▶ **Recorded information**:
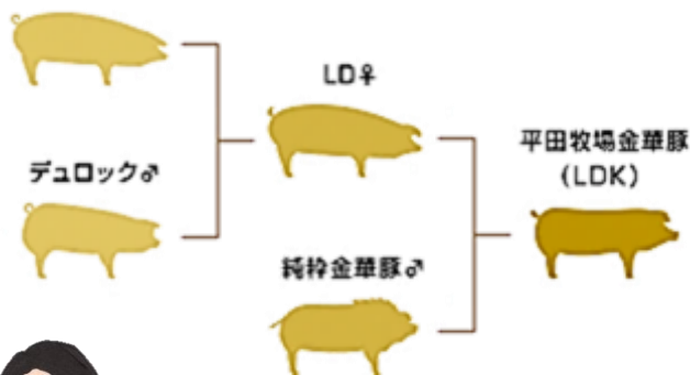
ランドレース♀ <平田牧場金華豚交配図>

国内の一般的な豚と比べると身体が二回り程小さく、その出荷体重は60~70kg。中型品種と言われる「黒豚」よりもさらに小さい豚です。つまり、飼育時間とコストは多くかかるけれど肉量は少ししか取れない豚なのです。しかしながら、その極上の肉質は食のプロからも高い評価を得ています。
==
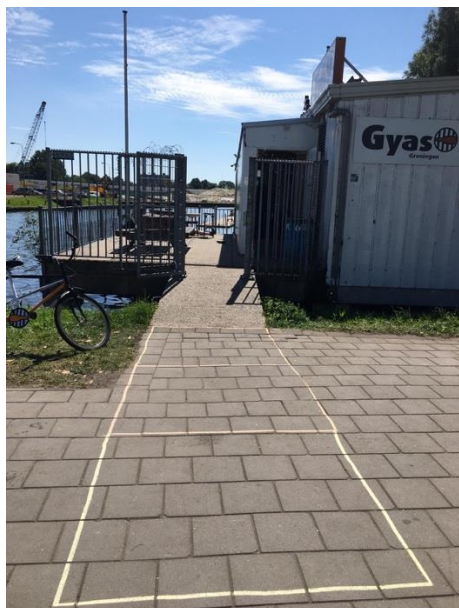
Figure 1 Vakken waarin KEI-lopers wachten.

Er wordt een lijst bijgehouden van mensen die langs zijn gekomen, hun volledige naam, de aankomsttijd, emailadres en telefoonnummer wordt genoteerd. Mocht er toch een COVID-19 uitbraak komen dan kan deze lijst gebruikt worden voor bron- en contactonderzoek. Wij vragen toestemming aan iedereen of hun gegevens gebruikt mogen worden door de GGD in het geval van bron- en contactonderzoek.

▶ **Task to complete**: Give back, exactly as written, the stretch from the line with "ランドレース♀ <平田牧場金華豚交配図>" through the line with "国内の一般的な豚と比べると身", and no other lines from the records above.

▶ **Result for this task**:
ランドレース♀ <平田牧場金華豚交配図>

国内の一般的な豚と比べると身体が二回り程小さく、その出荷体重は60~70kg。中型品種と言われる「黒豚」よりもさらに小さい豚です。つまり、飼育時間とコストは多くかかるけれど肉量は少ししか取れない豚なのです。しかしながら、その極上の肉質は食のプロからも高い評価を得ています。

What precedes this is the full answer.